Responding to an ADA Demand Letter
If you receive a demand letter alleging accessibility violations:
Step 1: Capture Your Website Immediately
Before making any changes, create forensic captures of the pages cited in the demand letter. This preserves the current state, whether it supports your defense or confirms issues that need remediation.
Step 2: Capture the Specific Claims
If the demand letter cites specific barriers (missing alt text on the home page, inaccessible checkout form), capture those exact pages and elements.
Step 3: Document Remediation
As you fix issues, capture the updated pages. Each capture creates a verified record with a hash and timestamp, building an auditable remediation timeline.
Step 4: Capture Compliance Testing Results
If you run automated accessibility testing tools (axe, WAVE, Lighthouse), capture the results pages. These third-party reports, combined with your forensic page captures, create a comprehensive compliance package.

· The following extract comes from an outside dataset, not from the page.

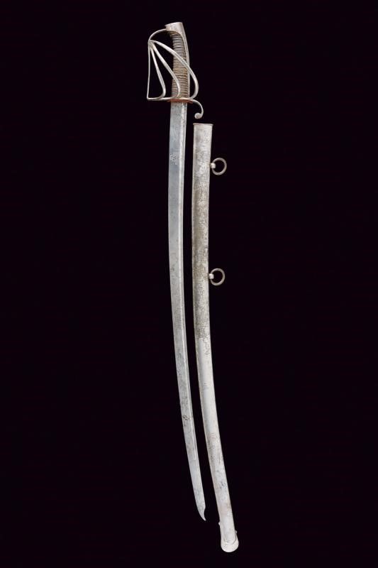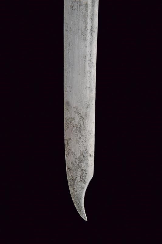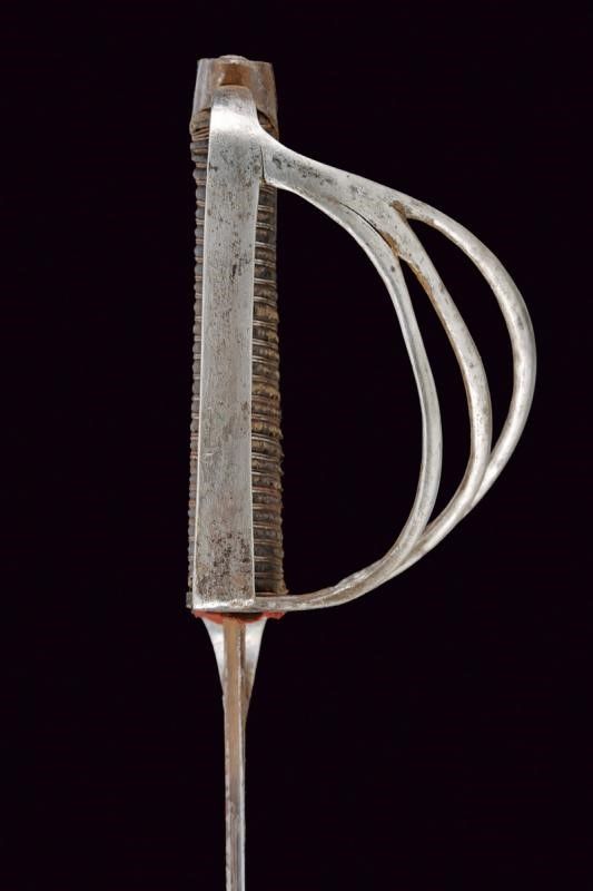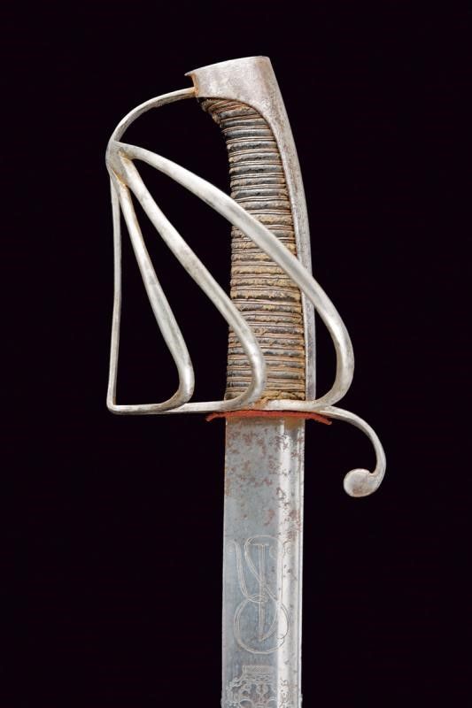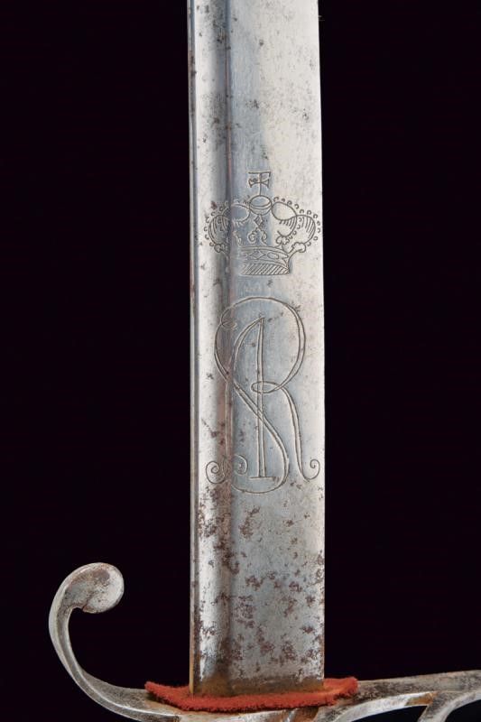 datazione: Seconda metà del XVIII secolo provenienza: Polonia, Lama leggermente curva, a un filo e controfilo, con scanalatura dorsale e punta incavata. La base con monogramma reale 'SA' sotto corona per re Stanislao II Augusto su entrambi i lati. Fornimento in ferro con braccio di parata incurvato verso la lama e con ricciolo all'estremità. Quattro rami di guardia, cappetta lunga e liscia, piatta e appuntita al dorso. Impugnatura in legno, rivestita di cuoio con trecciola metallica. Completa di fodero in ferro a due anelli di sospensione. lunghezza 96 cm.

Using Forensic Captures in Legal Proceedings
Authentication
Forensic captures from TrueSnap include SHA-256 hash verification, blockchain timestamps, complete HAR network logs, and TLS certificate records. This means each capture can be independently verified as authentic and unaltered, meeting the evidence standards required in federal court.
Expert Testimony Support
Accessibility experts who testify in ADA cases can use forensic captures to demonstrate the exact state of a website. The DOM snapshot provides the technical detail they need, while the visual capture shows the user experience. Both are anchored to a verified timestamp.
Settlement Negotiations
Well-documented evidence of remediation efforts strengthens your negotiating position. If you can demonstrate that you identified and fixed accessibility issues in good faith, documented with forensic captures, you are in a stronger position than a defendant who cannot prove when or whether changes were made.
Proactive Protection
The strongest defense against accessibility lawsuits is not responding to them — it is preventing them through documented, ongoing compliance efforts.
Create a regular capture schedule for your most important pages. When your development team deploys updates, capture the affected pages to verify that accessibility was maintained. Build a library of timestamped evidence showing your organization's commitment to accessibility.
This forensic documentation trail protects you in two ways: it catches accessibility regressions before they become legal issues, and it provides irrefutable evidence of your compliance efforts if a claim does arise.